What did Hitler hope to achieve with the DoW on USA ?

Germany because, even without Britain as a springboard, the US could still invade French North Africa, and then Italy, Sardinia, Corsica, France, Balkans... all the way to Germany. With German troops spread in occupied Russia.

This... I have my doubts, tbh. Such an undertaking would requite massive logistics and time. Remember how long it took to pile up equipment and men in the UK, just to spring them across 20 miles. All of that would have to be done cross-Atlantic, across a sea infested with the new generations of Type XXI U-boats.

Edit: I see a greater possiblity of B-36s dropping nukes, tbh.
 
The US would, I imagine, have declared war itself the moment the next American ship got torpedoed by the Kriegsmarine. Considering the sea change in the U.S. public's psychology after Pearl Harbor, it'd be reason enough at that point especially as they could easily equate the same evils associated with the Japanese to the Germans
 
I think it would be fairer to say that Hitler was a product of his time and place, albeit more influential than most. The declaration of war on the U.S. was apparently greeted fairly well in most parts of Nazi Germany (and in most parts of the UK, too - so a perfect crowd-pleasing solution!).
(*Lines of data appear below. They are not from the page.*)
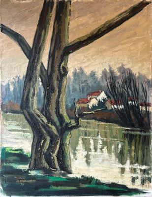 Jean-Louis PERRAUDEAU (XX) "L'étang dans la Marne"
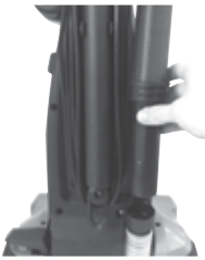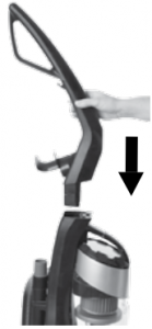2. Stand the vacuum upright and slide the base of the handle firmly into the opening at the top of the vacuum body.
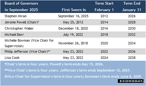 Primeiro, a confirmação extraordinariamente rápida de Stephen Miran como governador do Fed e seu juramento ocorreu antes do início da reunião na terça -feira. Miran é nomeado para concluir o termo que termina em 31 de janeiro de 2026, que foi desocupado cedo por Adriana Kugler. Pode -se inferir que seu tempo no conselho será intencionalmente curto, pois sua confirmação não incluiu uma recondução ao novo termo quando o atual expirar. Isso deixa o presidente Trump com a opção nomeando outra pessoa para o termo a partir de 1º de fevereiro de 2026 e que vai até 31 de janeiro de 2040. Miran se junta a outros dois nomeados Trump no conselho – o governador Christopher Waller e vice -presidente de supervisão Michelle Bowman.
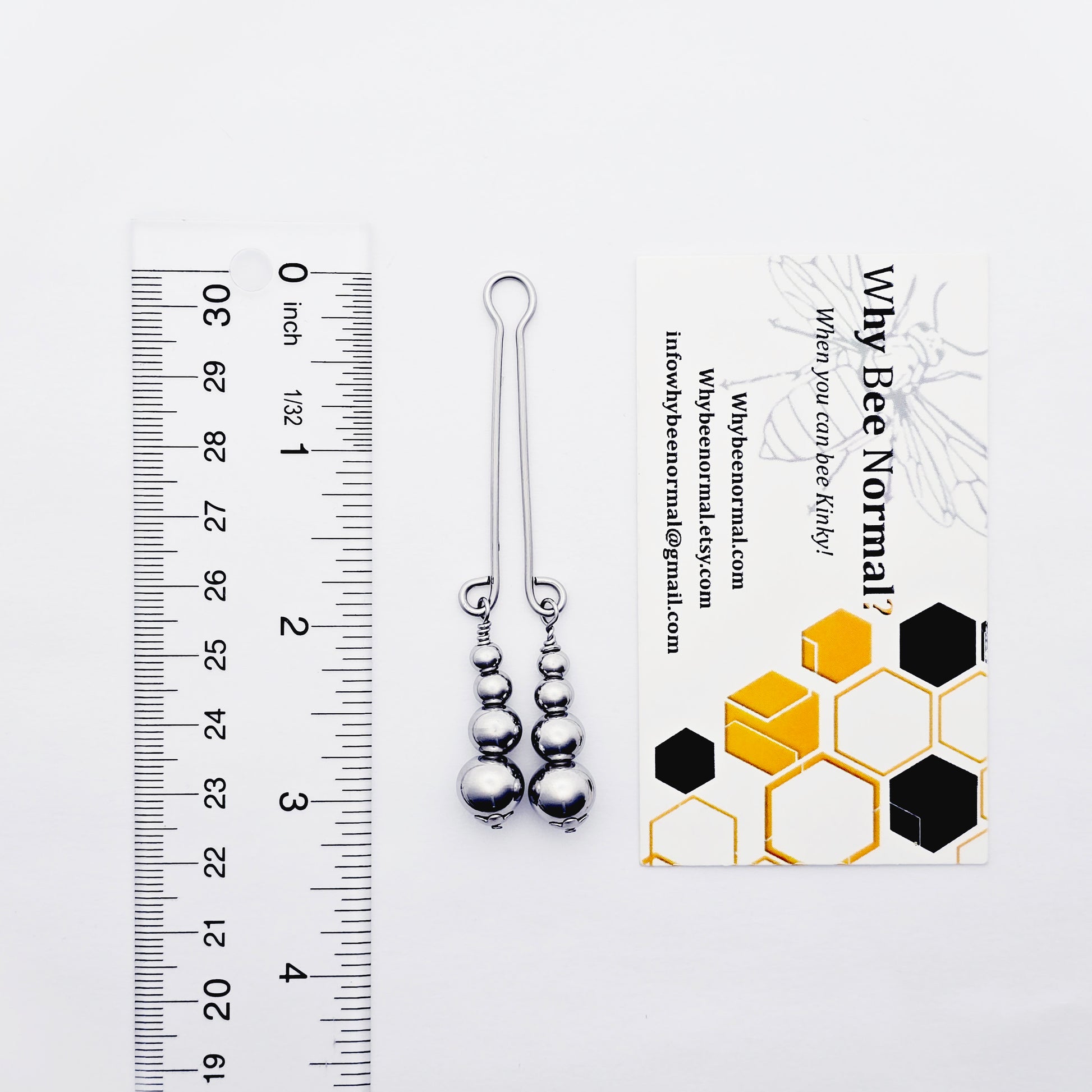 All clitoral/labia clips are handmade to aprox. 2.5 in. Please contact us with any questions about custom, sizing or adjustments, prior to placing your order. Keep in mind that all items are hand made.
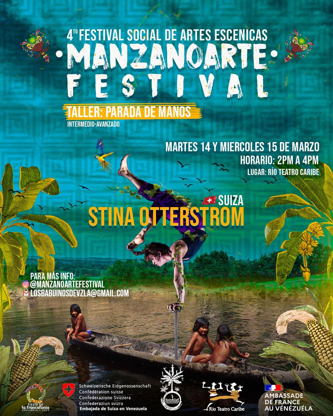Unos 20 artistas venezolanos de circo, artes escénicas, danza y hip hop serán los representantes locales en el festival: Luis Bogado (aka El Enano) y Zorybel García, fundadores de Fundación Manzanoarte, formados en la Academia de Teatro Dimitri en Suiza; Jesús Orta, el bailarín y coreógrafo creador de la compañía de danza urbana D´La Funky; Marilú García, acróbata aérea y bailarina de danza contemporánea; Jhoanbeat, músico y artista de beatbox; así como el ilusionista Bismarck.
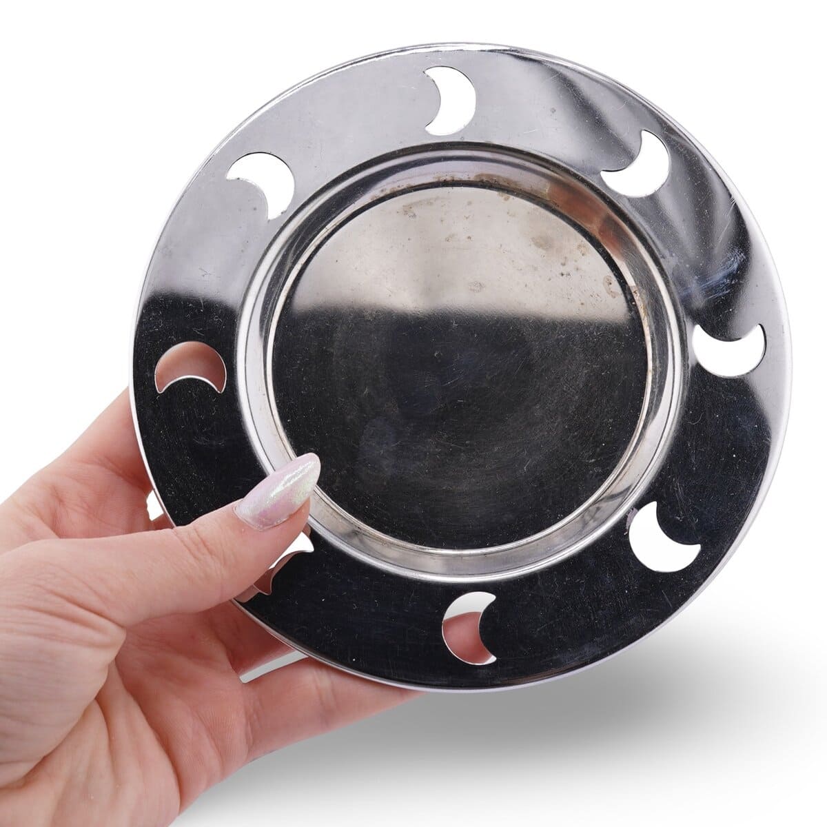 Decupajele cu lună aduc un detaliu simbolic și plăcut privirii, completând atmosfera unui colț de relaxare sau a unui mic aranjament decorativ. Poți așeza pe farfurie un colier preferat, câteva pietre semiprețioase sau un smudge mic de palo santo (rece), transformând o suprafață simplă într-un punct de interes. Aspectul argintiu se potrivește atât cu decoruri moderne, cât și cu interioare cu influențe clasice, întregind un stil curat și coerent.

The bigger point though is that the Nazis recognized correctly that they could not just grow to become a leading world power without stepping on the toes of the other world powers. Therefore, war with the other powers is a question of when, not if. They're going to declare war on you eventually, if you don't declare war on them first. Therefore, you may as well choose a time that seems to be to your advantage. Declaring war on the U.S. when he did gave him credit with the Japanese and justified U-boat attacks on American shipping.

In hindsight it was obviously a bit of a blunder, but Hitler didn't have a very good understanding of how democratic politics worked in Britain, let alone in the United States, so he had a hard time understanding how an action like a declaration of war would influence U.S. political decisions. Particularly after he'd already underestimated French and British willingness to go to war over Poland, I think Hitler really did not understand how much his actions would be a thumb on the scales in Washington.

To the extent he did, though, it's still not a completely insane idea. He didn't think he could actually invade the U.S. in 1941, but if he could defeat any attempt to invade Europe, that would be just as good. And he might have been able to, if not for the catastrophe in Russia, but that is another story.

The reason I say he was dumber than whale shit is this - yes, he has to go after the superpowers and the biggest, baddest motherfuckers in the world at some point. But if you have to fight two said motherfuckers, picking a fight with both at the same time is utterly idiotic. Had Hitler focused on the USSR, he might have had a shot, albeit a tough shot . But remember that the USSR was protected by that massive winter and the Ural Mountains, adding to the difficulty, and Stalin had no qualms about sending a metric fuckton of people to die in order to win.

So in summary, beating the Russians was hard enough. Factor in the Americans, whom the Germans had faced before, who had been prepping for a naval war with the Japanese for some time, and who were protected by a fucking ocean in addition to all kinds of radically different terrain. Why in God’s name did Hitler think taking on the Americans and the Russians at the same time was a good idea? It’s like trying to win a basketball game and putting MJ and LeBron on the other team.
 
The problem is, for invading Soviet Union he had to go through Poland. Meaning war with UK and France. Meaning likely war (or undeclared conflict at sea) with the USA.

His choices were :
Expand west
Expand east (war with the Anglo-US)
Expand into Balkans (war with the Anglo-US)

Nazi plans were almost unworkable, unless they somehow managed to force Britain to negociate peace BEFORE any conflict with the US. Or brought Poland on their side and invaded the SU with Polish support.
 
The problem is, for invading Soviet Union he had to go through Poland. Meaning war with UK and France. Meaning likely war (or undeclared conflict at sea) with the USA.

His choices were :
Expand west
Expand east (war with the Anglo-US)
Expand into Balkans (war with the Anglo-US)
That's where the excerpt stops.